### Problem requirements
All the lines below should be set down exactly, with no picture carried into the copy.

(Recorded data)
----------------
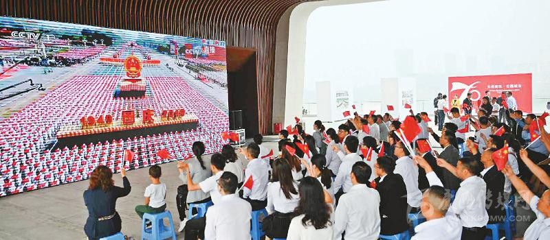上午10時,慶祝中華人民共和國成立70周年大會開始。通過電視信號,大會盛況傳遞至每個現(xiàn)場?!芭c祖國母親同在,祝福祖國繁榮昌盛?!边@是大家共同的心聲?!醣緢笥浾?林凌 何勤華 程文雯 徐中成 陳碧紅 文莎
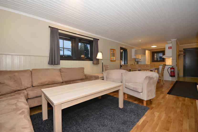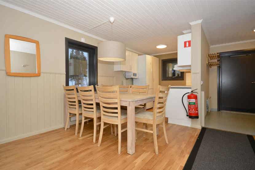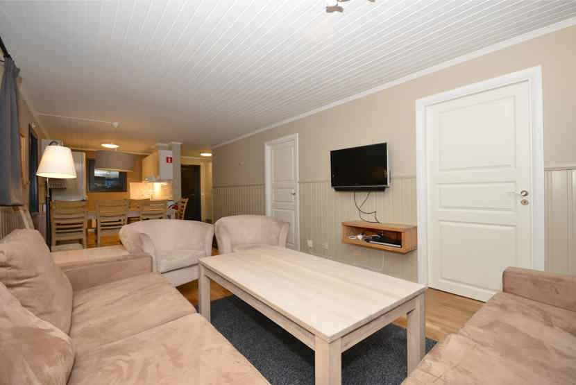 Opholdsstue med køkkenafdeling. TV, tørreskab, rum til skiudstyr, balkon, 1 parkeringsplads.
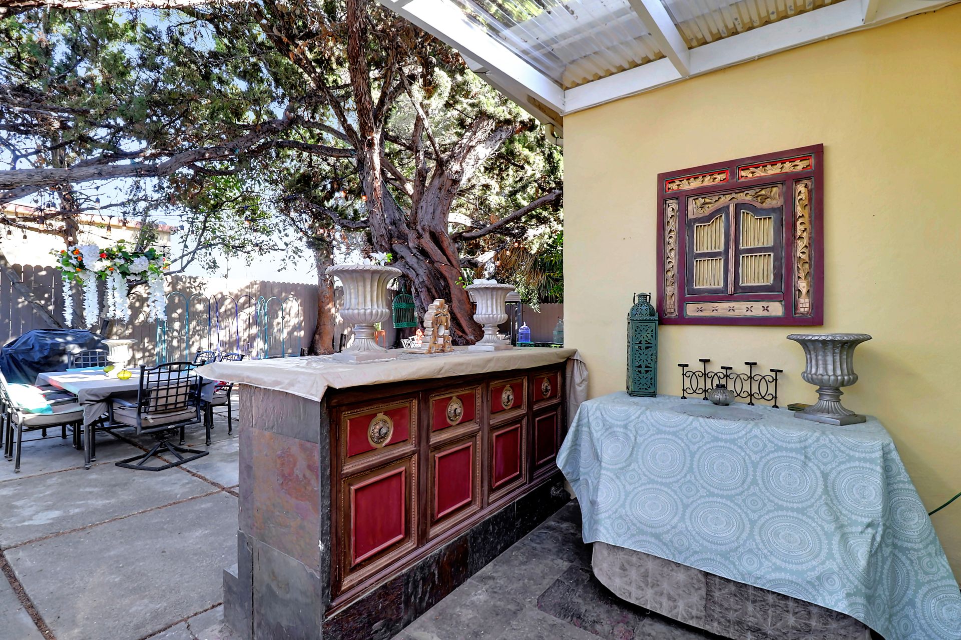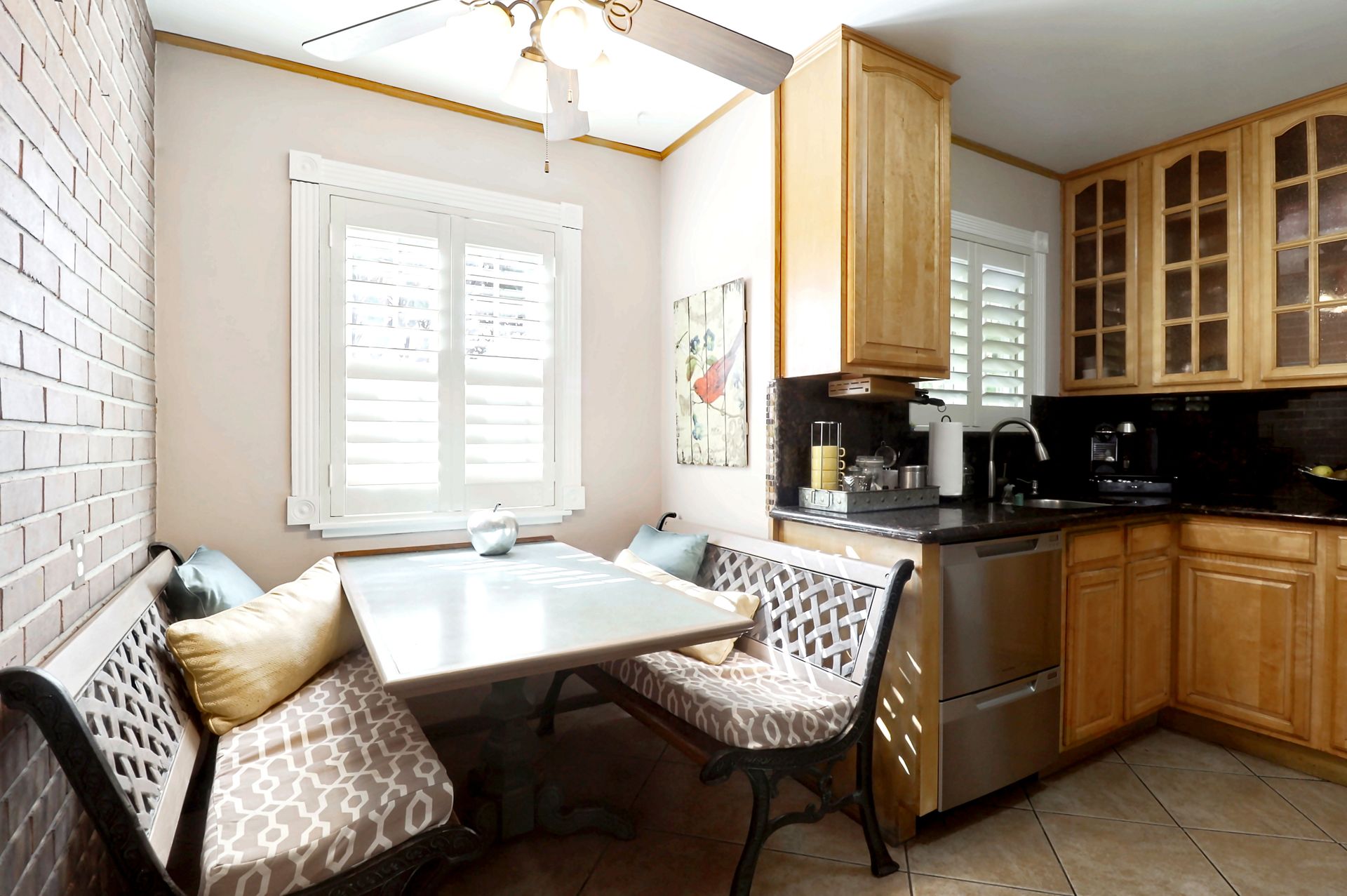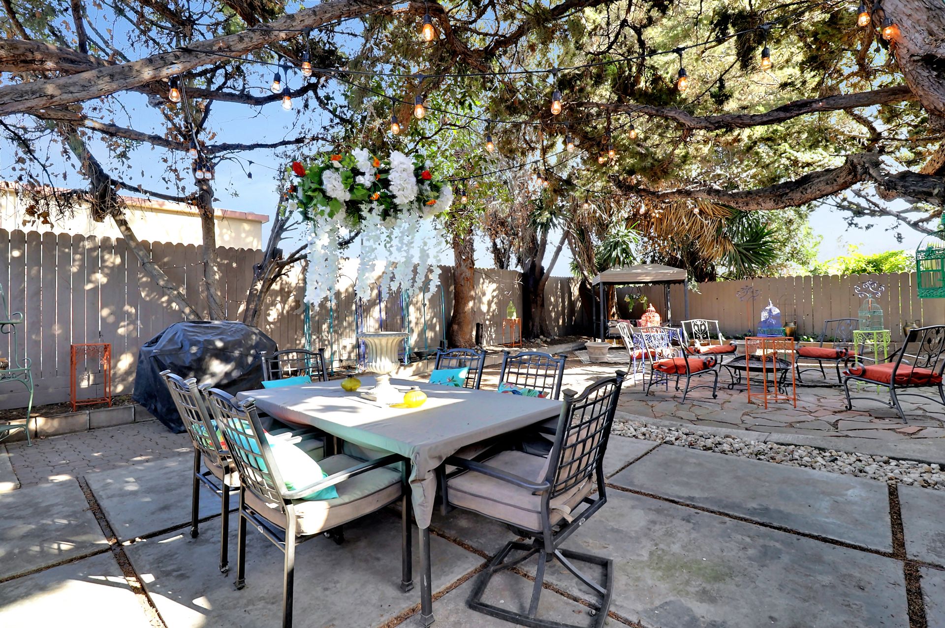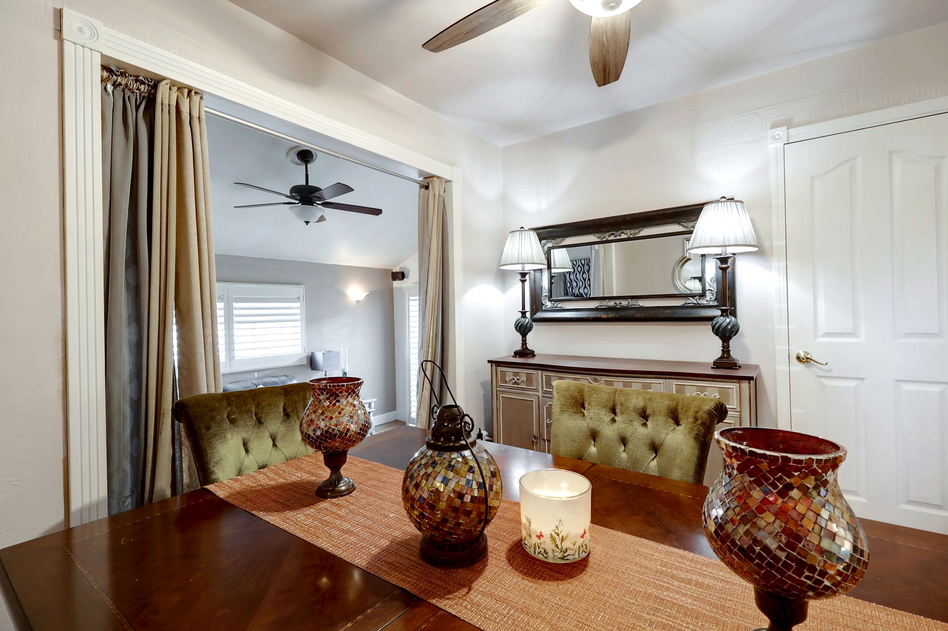 Enter into this home with its beautiful decorator touches throughout. Begin with the landscaped front yard, the living room with canned ceiling lights, Travertine tiled fireplace and mantel and a bumped-out wall giving architectural interest. Crown molding in living area. Dual pane windows with plantation shutters throughout the home. Remodeled kitchen with granite counters and tile floors. Breakfast nook. The main home has bamboo hardwood floors that are in great shape. The first bedroom has been turned into a formal dining room with steps to a lovely family room addition, flooring is a laminate with a slider to the back yard (family room has no permits). Slider also has plantation shutters. Bathroom has been beautifully remodeled with the stately grey colored tile. Notice the master bedroom has an Ikea closet with incredible space saving features. Ceiling fans throughout the home helping you stop stay cool. Beautifully shaded backyard for your summertime entertainment including a built-in bar. Garage walls and ceiling are sheet rocked and textured with canned ceiling lights allowing you to use this area as a garage or as a work area or additional space, a wall air conditioner in this space keeping it cool during our warmer days in the bay. Roof line has been raised for a proper pitch allowing for a composition shingle roof.
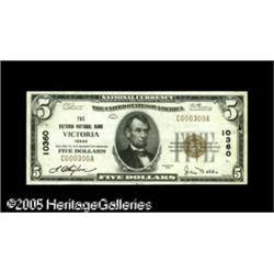 <B>Victoria, TX</B></I> - $5 1929 Ty. 1 <B>The Victoria NB</B></I> Ch. # 10360<BR>Although the latest edition of the Kelly census lists 41 survivors from here in the 1929 series, the overall statistics are somewhat misleading in evaluating this example. A new addition to the census, it is only the fifth $5 Type 1 to surface. A bright, crisp and otherwise <B>Extremely Fine</B></I> note, it does have a small void in the paper just inside the right side margin. Lot:17005
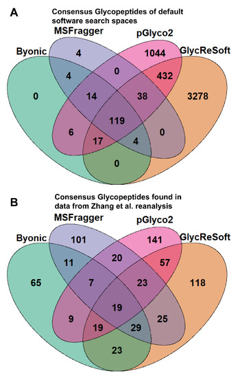 Figure 1B shows the consensus of glycopeptides found by each software in the Zhang et al. reanalysis; these results run counter to the glycan proportion. Each software has a plurality or majority of their results unique to themselves. We can see that search space is not the predominant determinant in the differences between these results. If one were to filter post search to the glycans found only in all searches, these overlaps do not experience any large shifts in proportion. This can be seen in Figure S3c.
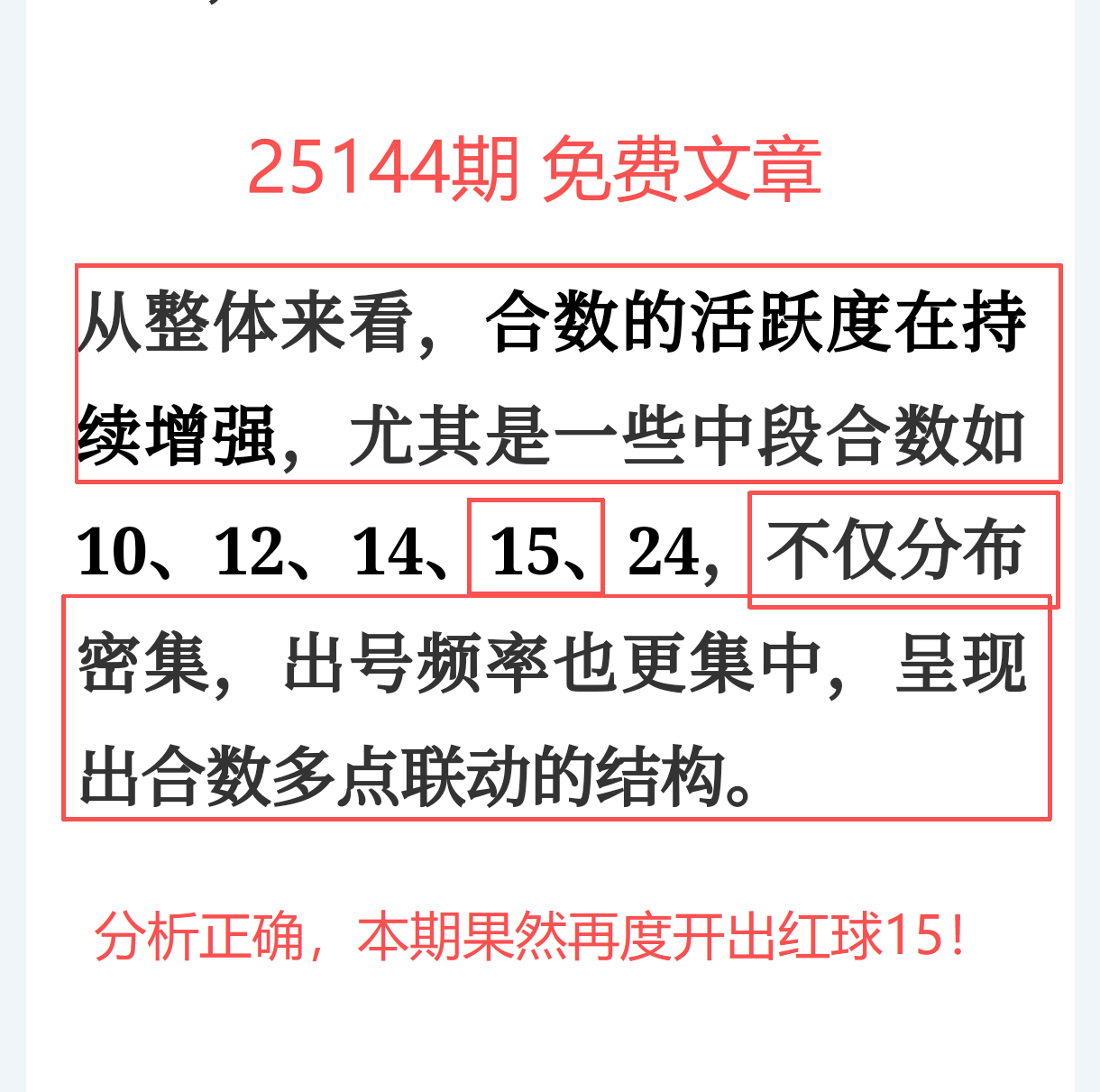 近期红球中,15连续在25144、25143、25142三期中亮相,是当前阶段最具代表性的高频活跃号码之一。
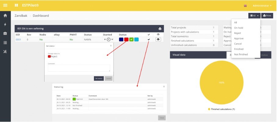 Bij het opstarten van ESTPilot® is het dashboard de eerste pagina die opent. Hierop wordt de status van calculaties weergegeven. Gebruikers met de juiste rechten kunnen de statussen (On hold, Rejected, Approved en Cancelled) aanpassen. Bovendien wordt er een log bijgehouden met alle statussen waarin een calculatie zich heeft bevonden. Gebruik de filteroptie om de weergave te clusteren op basis van dezelfde statussen.
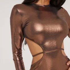 EGO Long Sleeve Cut Out Back Strappy Detail Mini Bodycon Dress In Bronze Metallic
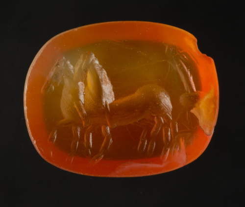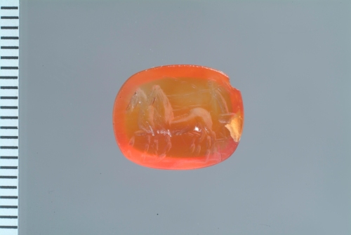Disposta in senso orizzontale, in una corniola è raffigurata di profilo verso sin, in maniera assai schematica, una biga, guidata da un personaggio alato, forse Vittoria, che regge le briglie e la frusta. Il corpo dell'auriga è reso con un unico solco, leggermente curvo; le ali sono rappresentate da semplici linee spezzate.
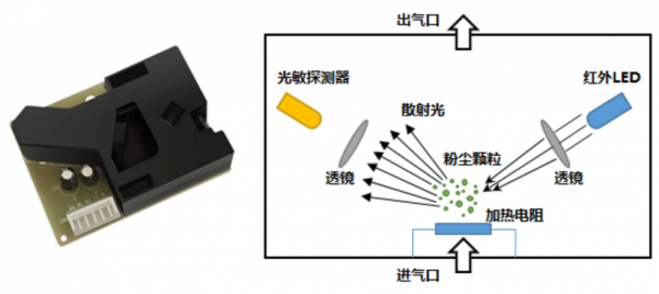 早期的粉塵傳感器,主要使用紅外LED作為光源,通過電阻發(fā)熱以獲得熱氣流流動。當有空氣中有顆粒物通過時,接觸到LED光源之后發(fā)生散射,被光敏探測器接收到后產(chǎn)生不同大小電信號,經(jīng)放大、運算后得到檢測結果。此項技術中,由于LED散射光強度較低,加熱電阻產(chǎn)生的氣流較弱,通常只對直徑大于1μm的較大顆粒有效,且只能通過電信號占空比表征空氣中的顆粒物變化情況,測量數(shù)值誤差較大化,且無法適應塵源變化環(huán)境,難以實現(xiàn)對PM2.5等顆粒物的實時監(jiān)測。
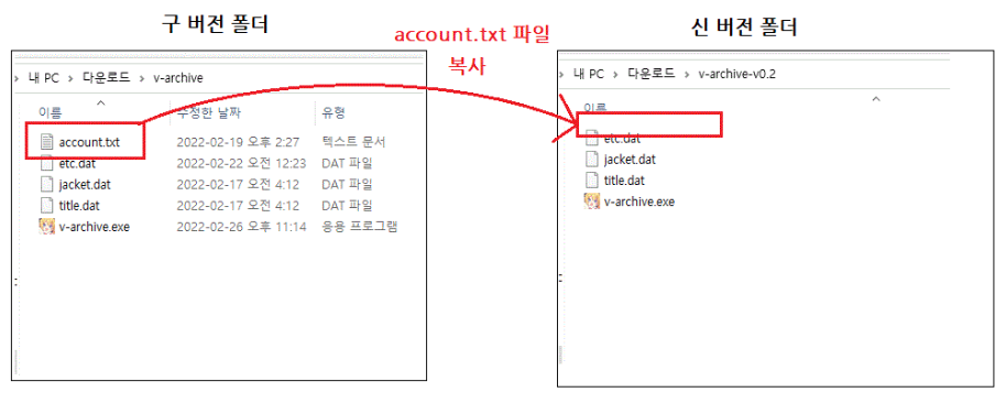 자동 로그인이 안된다면 기존 버전 폴더에 있는 account.txt 파일을 새 버전 폴더에 복사해 넣으면 됩니다.
----------------
### Answer
上午10時,慶祝中華人民共和國成立70周年大會開始。通過電視信號,大會盛況傳遞至每個現(xiàn)場?!芭c祖國母親同在,祝福祖國繁榮昌盛?!边@是大家共同的心聲?!醣緢笥浾?林凌 何勤華 程文雯 徐中成 陳碧紅 文莎
 Opholdsstue med køkkenafdeling. TV, tørreskab, rum til skiudstyr, balkon, 1 parkeringsplads.
 Enter into this home with its beautiful decorator touches throughout. Begin with the landscaped front yard, the living room with canned ceiling lights, Travertine tiled fireplace and mantel and a bumped-out wall giving architectural interest. Crown molding in living area. Dual pane windows with plantation shutters throughout the home. Remodeled kitchen with granite counters and tile floors. Breakfast nook. The main home has bamboo hardwood floors that are in great shape. The first bedroom has been turned into a formal dining room with steps to a lovely family room addition, flooring is a laminate with a slider to the back yard (family room has no permits). Slider also has plantation shutters. Bathroom has been beautifully remodeled with the stately grey colored tile. Notice the master bedroom has an Ikea closet with incredible space saving features. Ceiling fans throughout the home helping you stop stay cool. Beautifully shaded backyard for your summertime entertainment including a built-in bar. Garage walls and ceiling are sheet rocked and textured with canned ceiling lights allowing you to use this area as a garage or as a work area or additional space, a wall air conditioner in this space keeping it cool during our warmer days in the bay. Roof line has been raised for a proper pitch allowing for a composition shingle roof.
 <B>Victoria, TX</B></I> - $5 1929 Ty. 1 <B>The Victoria NB</B></I> Ch. # 10360<BR>Although the latest edition of the Kelly census lists 41 survivors from here in the 1929 series, the overall statistics are somewhat misleading in evaluating this example. A new addition to the census, it is only the fifth $5 Type 1 to surface. A bright, crisp and otherwise <B>Extremely Fine</B></I> note, it does have a small void in the paper just inside the right side margin. Lot:17005
 Figure 1B shows the consensus of glycopeptides found by each software in the Zhang et al. reanalysis; these results run counter to the glycan proportion. Each software has a plurality or majority of their results unique to themselves. We can see that search space is not the predominant determinant in the differences between these results. If one were to filter post search to the glycans found only in all searches, these overlaps do not experience any large shifts in proportion. This can be seen in Figure S3c.
 近期红球中,15连续在25144、25143、25142三期中亮相,是当前阶段最具代表性的高频活跃号码之一。
 Bij het opstarten van ESTPilot® is het dashboard de eerste pagina die opent. Hierop wordt de status van calculaties weergegeven. Gebruikers met de juiste rechten kunnen de statussen (On hold, Rejected, Approved en Cancelled) aanpassen. Bovendien wordt er een log bijgehouden met alle statussen waarin een calculatie zich heeft bevonden. Gebruik de filteroptie om de weergave te clusteren op basis van dezelfde statussen.
 EGO Long Sleeve Cut Out Back Strappy Detail Mini Bodycon Dress In Bronze Metallic
Disposta in senso orizzontale, in una corniola è raffigurata di profilo verso sin, in maniera assai schematica, una biga, guidata da un personaggio alato, forse Vittoria, che regge le briglie e la frusta. Il corpo dell'auriga è reso con un unico solco, leggermente curvo; le ali sono rappresentate da semplici linee spezzate.
 早期的粉塵傳感器,主要使用紅外LED作為光源,通過電阻發(fā)熱以獲得熱氣流流動。當有空氣中有顆粒物通過時,接觸到LED光源之后發(fā)生散射,被光敏探測器接收到后產(chǎn)生不同大小電信號,經(jīng)放大、運算后得到檢測結果。此項技術中,由于LED散射光強度較低,加熱電阻產(chǎn)生的氣流較弱,通常只對直徑大于1μm的較大顆粒有效,且只能通過電信號占空比表征空氣中的顆粒物變化情況,測量數(shù)值誤差較大化,且無法適應塵源變化環(huán)境,難以實現(xiàn)對PM2.5等顆粒物的實時監(jiān)測。
 자동 로그인이 안된다면 기존 버전 폴더에 있는 account.txt 파일을 새 버전 폴더에 복사해 넣으면 됩니다.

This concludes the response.